How to Think Like an Interior Designer: Harmony - Conestoga Tile

How to Think Like an Interior Designer: Harmony

Photo Credit: Mediterranea Sahara series, 8 x 48 Autumn

Harmony is the perfect balance between all of the elements and principles of design as a whole.  It is the final draft to all of your creative ideas and input from the entire decorating process.  Everything is right where it is supposed to be, and the process finally feels finished. It is described as more of a feeling and tends to be difficult to define.  The two most important principles at the heart of harmony are unity and variety.  It is the precise balance between the two that is responsible for the sense of completeness you feel when you have placed where it should be.

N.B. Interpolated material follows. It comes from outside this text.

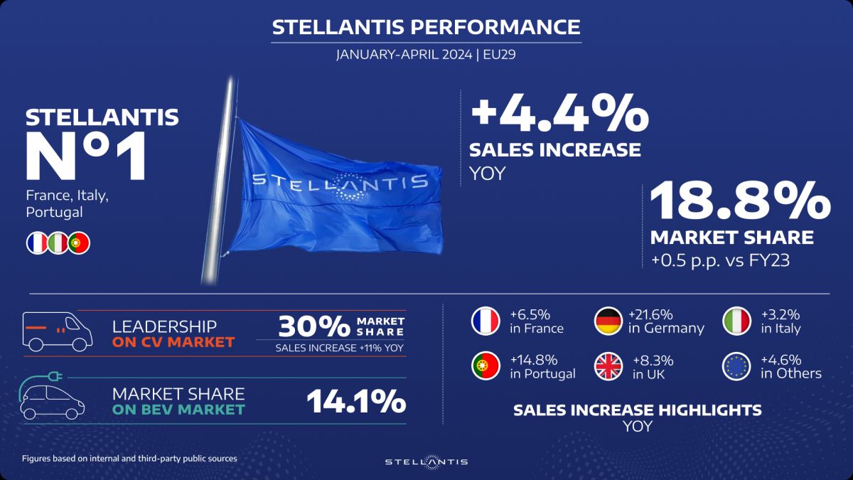 AMSTERDAM (OLANDA) (ITALPRESS) – In un mercato sempre più impegnativo, Stellantis rimane risoluta nel suo impegno per le prestazioni e la soddisfazione dei clienti. Nel perimetro EU29, Stellantis registra un aumento del 4,4% dei volumi autovetture e veicoli commerciali (PC+CV) su base annua nei primi quattro mesi del 2024, assicurandosi una quota di mercato del 18,8%, in aumento di 0,5 punti rispetto ai risultati dell’esercizio 2023.

Unity is a sense of cohesiveness between the design elements in the room while variety provides visual interest.  Though they seem to work against each other, they are the yin and yang that glues the room’s look together.  A room may be unified with similarly styled furniture while you can spot variety through interesting accessories and unusual-looking lighting fixtures.  Plain solid colors can be spiced up with textures and patterns that draw the eye.  Using decor with curved and free-form lines can add unpredictability to an otherwise traditional looking room.


More important than the symmetry of unity and variety is that the space functions correctly when the design is complete.  You can have an arrangement that is as gorgeous as a magazine cover, but if the room cannot be used for its primary purpose, you will get no enjoyment out of it.  Choose materials that are well made and built to last, light bulbs that are energy-efficient and textures that cause the room feel personalized and welcoming.  Don’t be afraid to reinvent your existing decor or incorporate new pieces along with it.  A blank slate is not needed to achieve harmony, just an open mind.


While the thought of applying all of the knowledge you have received in this post and its seventeen predecessors may seem overwhelming, try breaking it all down into more manageable sections.  Your design should start with general goals and become more precise as you pinpoint what elements are going to be dominant and which ones will help build the foundation of its look. One step at a time. You can do this!